Problem to solve:
Of the material below, the lines to be retyped are those from the line containing "Leslie - canapé" through the line containing "Cayosoft Guardian can", inclusive; reproduce them exactly.

[Opening Information shown section]

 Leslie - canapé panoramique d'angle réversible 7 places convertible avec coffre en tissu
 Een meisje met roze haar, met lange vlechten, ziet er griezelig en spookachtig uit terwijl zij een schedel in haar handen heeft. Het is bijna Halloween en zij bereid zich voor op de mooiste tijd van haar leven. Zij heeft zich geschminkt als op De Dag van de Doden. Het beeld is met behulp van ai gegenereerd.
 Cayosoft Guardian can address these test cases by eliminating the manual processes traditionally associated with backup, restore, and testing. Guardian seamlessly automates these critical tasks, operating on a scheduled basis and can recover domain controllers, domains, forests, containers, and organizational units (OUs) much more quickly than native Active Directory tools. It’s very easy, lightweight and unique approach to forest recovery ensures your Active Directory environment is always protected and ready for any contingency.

[Closing Information shown section]
[Opening Information shown section]

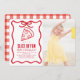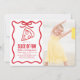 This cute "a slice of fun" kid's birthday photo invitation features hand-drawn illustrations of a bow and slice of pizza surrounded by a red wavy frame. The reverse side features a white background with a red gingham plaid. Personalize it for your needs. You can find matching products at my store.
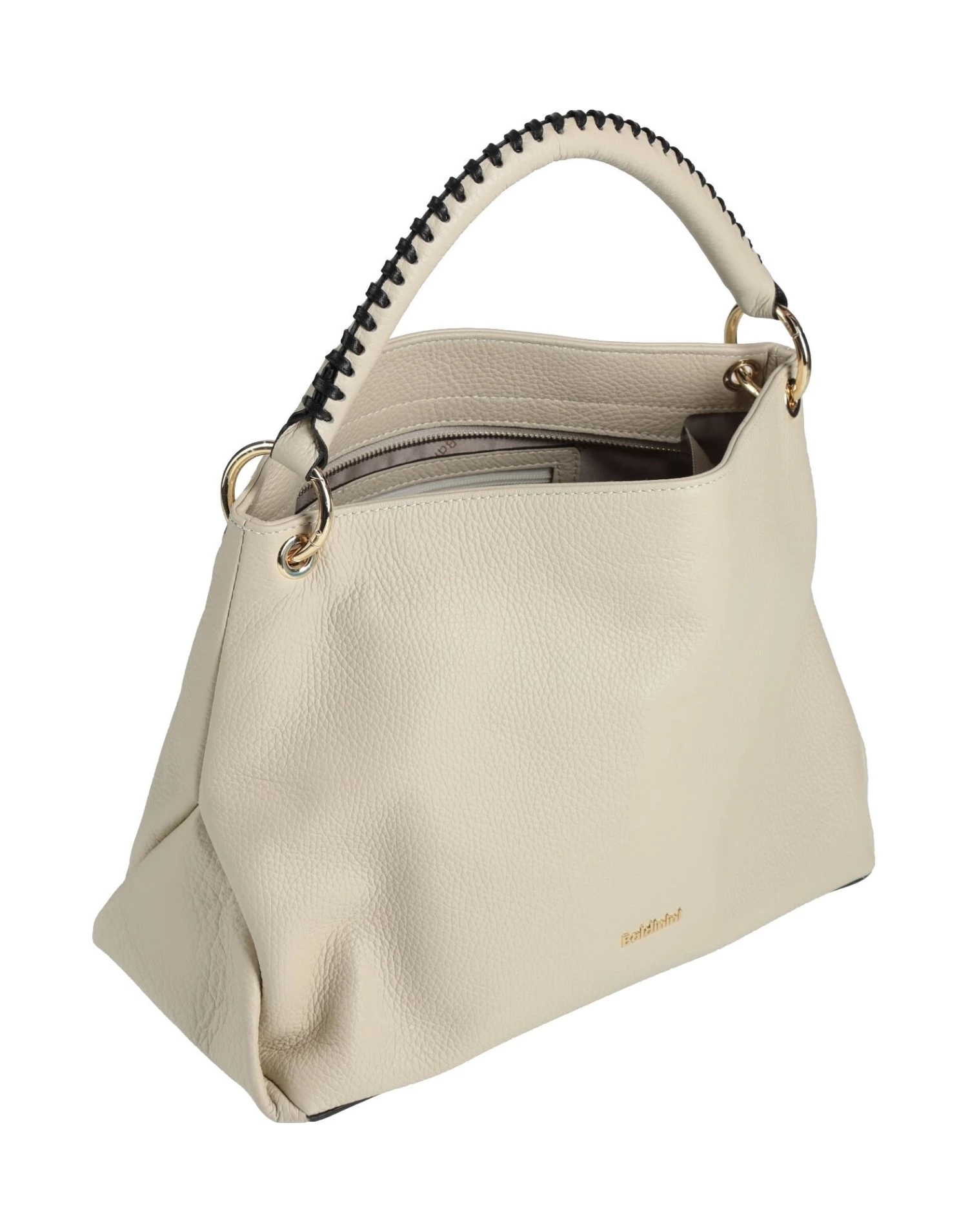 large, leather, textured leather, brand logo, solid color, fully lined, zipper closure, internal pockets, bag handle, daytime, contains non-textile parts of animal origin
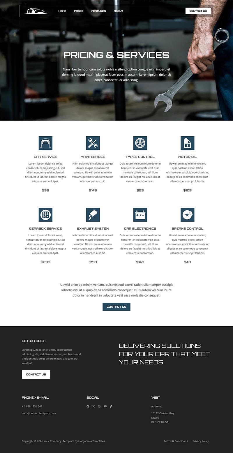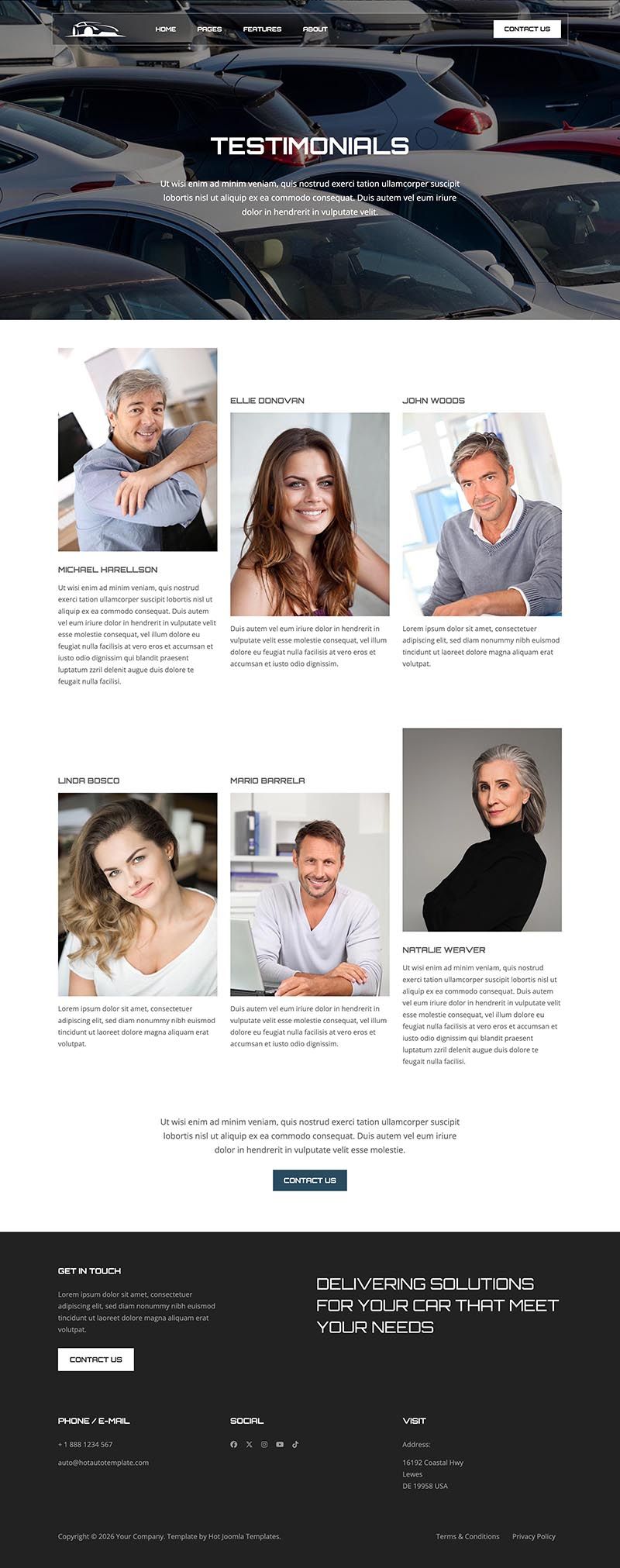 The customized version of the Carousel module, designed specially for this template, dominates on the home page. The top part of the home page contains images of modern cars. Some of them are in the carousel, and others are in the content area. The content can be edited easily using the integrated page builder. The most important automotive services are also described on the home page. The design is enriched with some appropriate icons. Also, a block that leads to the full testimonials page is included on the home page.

[Closing Information shown section]

The completed task:
 Leslie - canapé panoramique d'angle réversible 7 places convertible avec coffre en tissu
 Een meisje met roze haar, met lange vlechten, ziet er griezelig en spookachtig uit terwijl zij een schedel in haar handen heeft. Het is bijna Halloween en zij bereid zich voor op de mooiste tijd van haar leven. Zij heeft zich geschminkt als op De Dag van de Doden. Het beeld is met behulp van ai gegenereerd.
 Cayosoft Guardian can address these test cases by eliminating the manual processes traditionally associated with backup, restore, and testing. Guardian seamlessly automates these critical tasks, operating on a scheduled basis and can recover domain controllers, domains, forests, containers, and organizational units (OUs) much more quickly than native Active Directory tools. It’s very easy, lightweight and unique approach to forest recovery ensures your Active Directory environment is always protected and ready for any contingency.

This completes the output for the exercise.